The course was designed in the early 1890s by former British Amateur champion Horace Hutchison in tandem with local dignitary Holcome Ingelby. But for replacing two holes lost to the sea in the 1930s and ’40s, it is remarkable how little it has changed since.
It measures 6,457 yards, at par 71, which is not long by modern standards but when the wind blows, as it invariably does in this exposed corner of coastline, it remains a real challenge, requiring solid ball striking and imaginative shotmaking in equal measure.
After a gentle start, the first of its stand-out holes is the 3rd, where the tee shot has to be hit over the saltmarsh and the second toward an elevated green protected by railway sleepers at the front and a deep bunker on the left. The short 4th, where the green is also supported by sleepers, is equally memorable. But it is around the turn where the course comes into its own.

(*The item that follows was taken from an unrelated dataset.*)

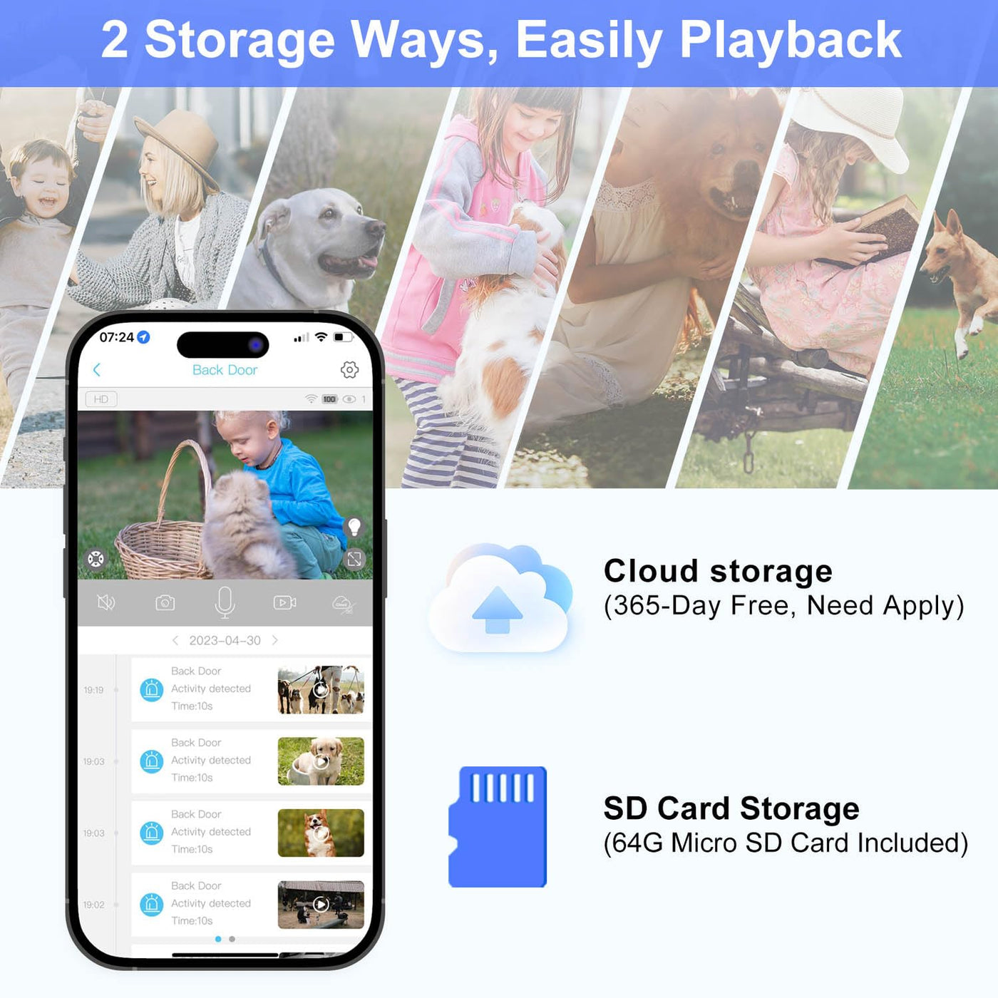 Q: Can I store recordings from the camera, and how does that work?A: Yes, the camera automatically saves encrypted recordings to a 64GB SD card (expandable up to 128GB) or to cloud storage when motion is detected.
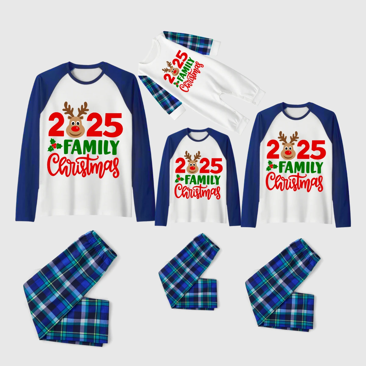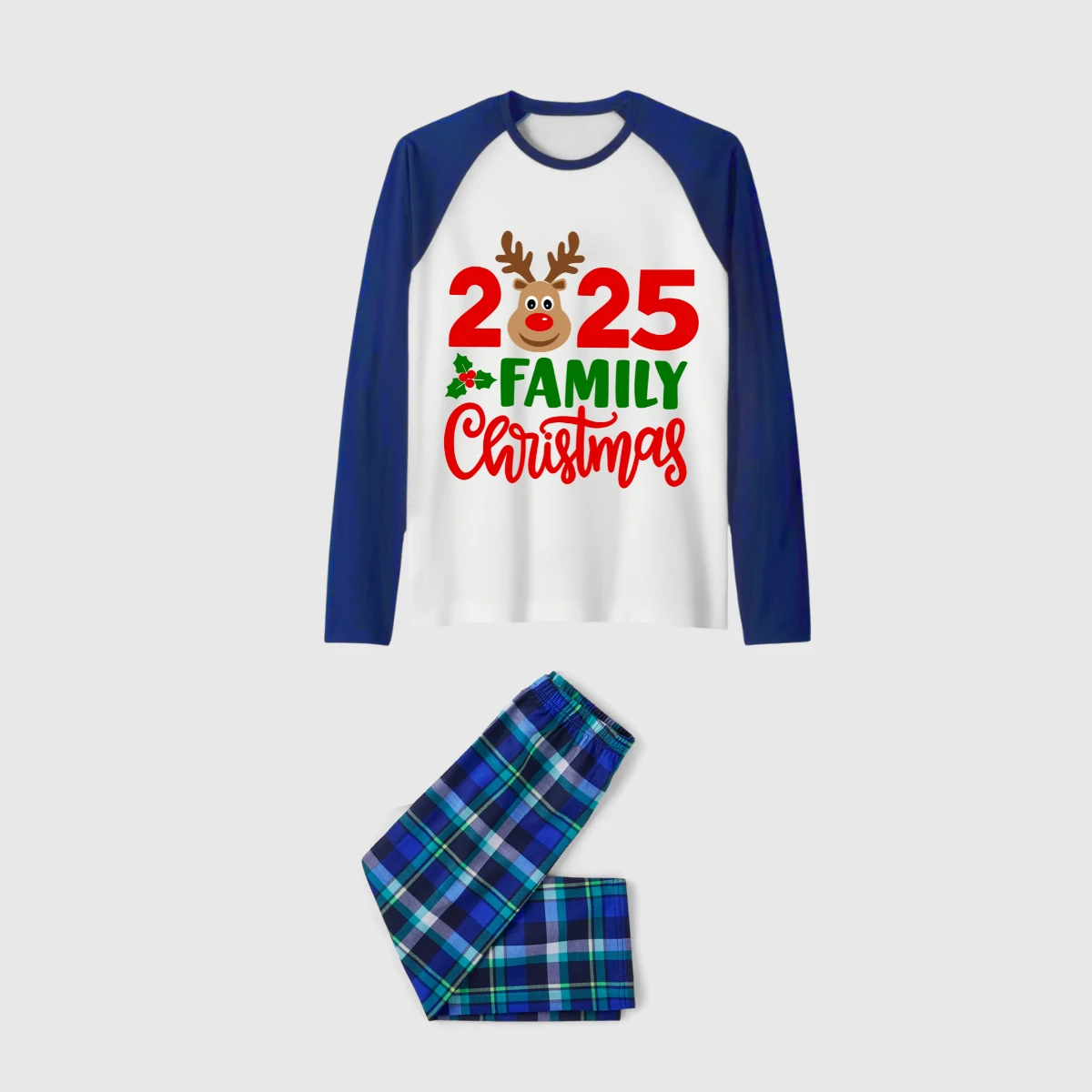 2025 Reindeer Family Christmas Family Pajamas Set - White Top / Blue Green Plaid Pants / Blue Sleeves

The par-five 8th requires two prodigious carries over large expanses of marshland. There is a similar heart-in-mouth moment at the par-four 9th, where another large expanse of marshland in front of the green transforms into a lake in wet weather. There follows a string of fine holes heading back toward the clubhouse. Arguably the best of the lot is the 188-yard 15th, where a row of colorful Victorian beach huts sits in full view close to the sand dunes and the main threat is a cavernous, sleepered bunker that sits 30 yards short of the green.Each time I play it, I marvel at how a golfer with a hickory club in hand could ever make the carry. The presence of the huts only reinforces the message that when you visit Brancaster you are taking a massive trip back in time.
Have you played Royal West Norfolk?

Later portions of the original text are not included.